Dalam dunia sastra, konvensi dan inovasi itu seperti dua sisi dalam proses kreatif.
Konvensi berarti aturan atau pola yang sudah umum dan sering digunakan dalam karya sastra, seperti bentuk puisi lama, rima, atau tema tertentu yang sudah dikenal.
Sementara inovasi adalah keberanian untuk keluar dari kebiasaan itu—menghadirkan sesuatu yang baru, segar, bahkan bisa terasa "aneh" atau mengejutkan bagi pembaca.
Kalau kita lihat puisi Teks Atas Descartes karya Remy Sylado, dia menghadirkan inovasi dengan mencampurkan filsafat dan sastra. Biasanya puisi itu bermain dengan perasaan, tapi Remy malah memasukkan tokoh filsuf René Descartes, berpikir logis dan intelektual. Ini jelas bukan konvensional. Di situ terlihat inovasi—bagaimana puisi bisa menjadi ruang untuk dialog antara sastra dan pemikiran filosofis. Tapi, di sisi lain, Remy masih memakai struktur puisi yang cukup tertata, jadi unsur konvensi juga masih terasa.

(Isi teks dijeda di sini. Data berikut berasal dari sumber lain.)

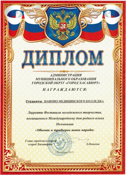 Поздравляем лауреатов Фестиваля молодежного творчества- студентов Медицинского колледжа награжденных Дипломами и ценными призами городского округа город "Хасавюрт".
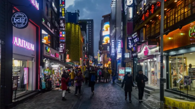 Bagi pencinta belanja, menginjakkan kaki di Myeongdong ibarat sebuah kewajiban. Jalanan di sini dipadati oleh deretan toko mode, butik K-beauty, dan tentu saja, street food Korea yang legendaris. Meskipun kawasan ini sangat turistik, Myeongdong tetap layak dikunjungi. Hampir semua brand Korea berkumpul di sini, jadi kamu bisa belanja skincare hingga sepatu sneakers sekaligus.
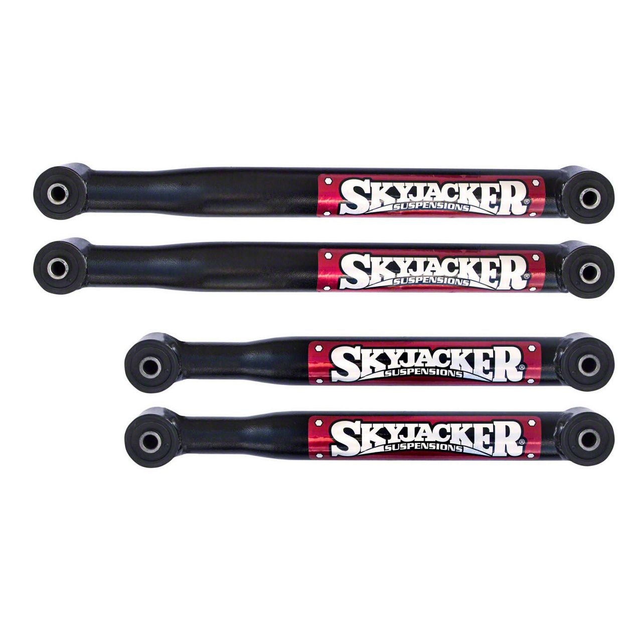 Solid Lift. Made for the Jeep Wrangler JK models, this SkyJacker Suspension Link Arm Kit comes in a set of 4 with a matte black finish. Built to give your ride a solid lift of 2 to 5 inches, this link arm kit gives your ride a more aggressive ground clearance and is a perfect companion for off and on-road drivers.
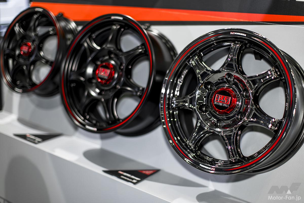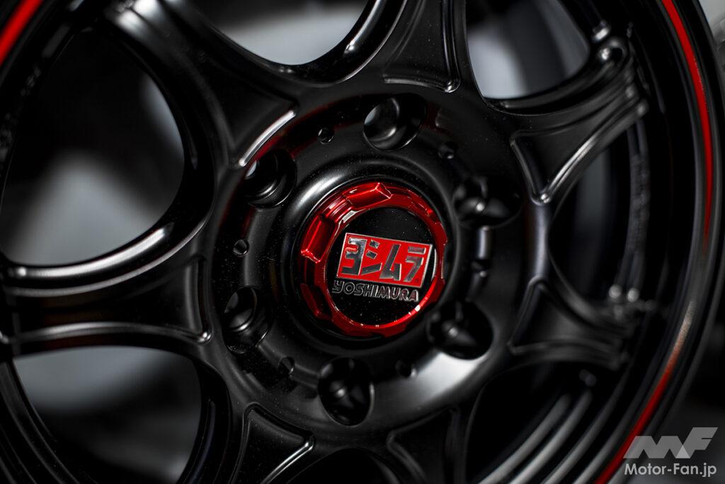 リム部分には“ヨシムラ YOSHIMURA”のロゴとレッドのヨシムラカラーを、センターキャップには“ヨシムラ”のロゴとレッドのヨシムラカラーをアレンジ。

Sedangkan pada puisi Luka karya Sutardji Calzoum Bahri, inovasinya lebih ekstrem. Sutardji dikenal sebagai penyair yang membebaskan kata-kata dari makna harfiahnya. Dalam Luka, kata-kata tidak hanya menyampaikan isi, tapi juga menjadi semacam permainan bunyi, bentuk, dan emosi. Kadang kita bingung saat membacanya, karena strukturnya tidak biasa dan maknanya tidak langsung. Nah, di sinilah letak inovasi yang kuat: Sutardji memutuskan untuk "membebaskan" puisi dari kaidah lama. Ia menolak konvensi seperti rima, bait yang rapi, atau makna yang jelas.